[I wrote this post in June but cannot access it from my control panel. It belongs in the Afghanistan category, so this is just an administrative repost. Original date, 2006.06.10]
Crediting the Senlis Council
In April I wrote suggesting that opium production in Afghanistan be legalized, instead of the current policy of trying unsucessfully to eradicate it by force. Earlier this week, in the Guardian, Simon Jenkins writing from Kabul, had a similar thought:
A faintly plausible intervention in southern Afghanistan might have the west buying the entire poppy crop for processing through legal channels (as in Turkey and India), thus undercutting the Taliban and the drug mafia.
I was relieved to find I wasn't the only one thinking along these lines and wondered if there had been others before us. There had.
I'm sure I must have read about the Senlis Council and its proposals in news reports at the end of last year. The BBC's John Simpson wrote about it in October '05:
This week, in Kabul, a French think-tank called the Senlis Council, which specialises in drug policy, is holding an international conference about the trade in opium and heroin. Afghanistan now produces something like 85% of the world's opium poppies, and most Afghan heroin ends up in Europe and the US. Since the overthrow of the Taleban the position has grown much worse.
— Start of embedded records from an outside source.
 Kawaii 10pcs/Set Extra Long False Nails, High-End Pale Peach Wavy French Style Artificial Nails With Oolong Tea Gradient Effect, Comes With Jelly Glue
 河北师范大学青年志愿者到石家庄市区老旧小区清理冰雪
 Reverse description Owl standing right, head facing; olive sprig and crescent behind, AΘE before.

The Senlis Council is making a proposal which is receiving guarded but positive responses from many different governments and organisations. It springs from a bit of lateral thinking by the Council's boss, earlier this year.
Someone pointed out that there was a worldwide shortage of opiate-derived painkillers, chiefly morphine and codeine. Suppose, it was suggested, the opiates which cause such trouble in the form of heroin were diverted to medical use instead?
The Senlis Council carried out a feasibility study with the help of several universities, and the idea stood up.
In March 2006, the Commons' Defence Committee released a report on the Afghanistan mission, after having taken evidence from, among others, the Senlis Council. Unfortunately, they rejected the idea, finding several obstacles to its implementation and judging it 'inappropriate'. Might I suggest that the problem lay less with the idea, which has so much to commend it, and more with it being contrary to the will of God the US?